Steve, here is a picture that shows most of the control panel for my Christmas 1991 layout. Note the two large 300W 19B transformers with the volt and amp meters. One ran the outer loop and one ran the inner loop. To the left is a 15B transformer that ran the 4 track yard off the picture to the left as well as the two yard leads. To the right, adjacent to a 19B is a grey case 4B. This powered all the accessories, turnouts and lights. The turnouts were on the variable post set to 12V, all the voltage that is required when the turnouts are well maintained and lubricated. The turnout lanterns used 22V replacement bulbs to minimize current draw and heat buildup. The accessories were on the fixed 15V post.
This layout is a bit more complicated than this picture shows and it is more than the single loop you are initially building. The point of the picture is with a 17B and a 4B you are off to a good start.


----------



## mopac

Steve, you have a nice stable of locomotives. A 282 is an engine I received in 1955.
They are normally good running engines. Mine ran slow and very very hot. Turned out
it had a bad armature. Runs fast and great now. And it runs cool.


----------



## Old smokey 47

mopac said:


> Steve, you have a nice stable of locomotives. A 282 is an engine I received in 1955.
> They are normally good running engines. Mine ran slow and very very hot. Turned out
> it had a bad armature. Runs fast and great now. And it runs cool.


Mopac,
Once I receive the 17B I bought yesterday I can test these engines. I have never applied power to any after acquiring them last year. I did look for the words running or operating before buying each but hey you never know what your getting on line.
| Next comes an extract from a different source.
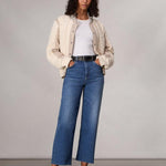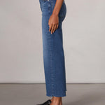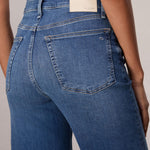 Details: Classic 5-pocket style, high-waisted stretch wide-legged denims, with cropped inseam and frayed hem that hits above the ankle in a medium blue indigo wash with fading and white leather logo placket on back of waist.

I plan to perform the cleaning and lubing process I found on a video before trying to run them. The process begins.
Steve


----------



## Old smokey 47

AmFlyer said:


> Steve, here is a picture that shows most of the control panel for my Christmas 1991 layout. Note the two large 300W 19B transformers with the volt and amp meters. One ran the outer loop and one ran the inner loop. To the left is a 15B transformer that ran the 4 track yard off the picture to the left as well as the two yard leads. To the right, adjacent to a 19B is a grey case 4B. This powered all the accessories, turnouts and lights. The turnouts were on the variable post set to 12V, all the voltage that is required when the turnouts are well maintained and lubricated. The turnout lanterns used 22V replacement bulbs to minimize current draw and heat buildup. The accessories were on the fixed 15V post.
> This layout is a bit more complicated than this picture shows and it is more than the single loop you are initially building. The point of the picture is with a 17B and a 4B you are off to a good start.
> 
> View attachment 572081


Tom,
Wow that was 30 years ago and you joined the forum in 2012. Why do I think you were born in a rail coach or something LOL. 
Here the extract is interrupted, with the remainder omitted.